# Honda HS35 Carburator - Looking to buy



## stevechurch (Nov 27, 2019)

Hello,

I'm looking to purchase a new carb for my HS35. Aftermarket or OEM. I'm located in Sudbury, Ontario, Canada. Does anybody know where I can buy one, either new or used? Please let me know. Thanks for any advice you might have.

p.s. Carburator will not seal, hinge pin, needle, and the seat are damaged beyond repair per my mechanic and cannot be repaired. The only option is a new carb.


----------



## tabora (Mar 1, 2017)

https://www.boats.net/product/honda...MIoKig5KuJ5gIVHYVaBR0L8w9TEAYYASABEgIDiPD_BwE


----------



## 71Dragtruck (Oct 27, 2019)

As Tabora posted, boats.net I’m also in Canada and bought stuff from there, way cheaper than a dealer even with shipping.

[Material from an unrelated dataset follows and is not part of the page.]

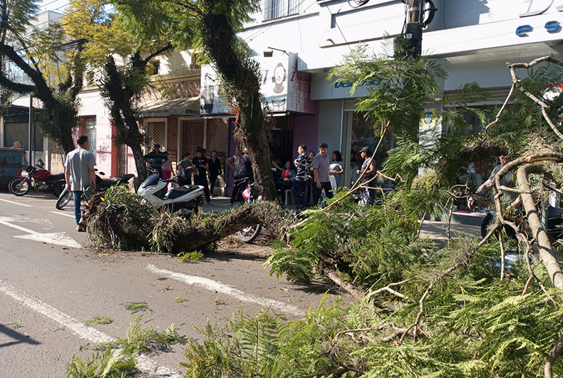 Caminhão derruba árvores e danifica motos no Centro de Santa Cruz

I suggest giving your machine a good look over, paddles, scraper bar, belt, make the order worth while as shipping will likely be the same for all the stuff as just the carb.


----------



## notabiker (Dec 14, 2018)

I try to find a fully adjustable one on ebay if you don't want to go OEM.. Heck you can even get non adjustable ones there and priced usually well under $20.


----------



## orangputeh (Nov 24, 2016)

the smaller the carb the more finiky. i would go with OEM. from boats. have had pretty good luck with Everest Parts LLC aftermarket carbs for Honda. They are from China. I usually get carbs for the Gx240-270-340 from them.

good luck.


----------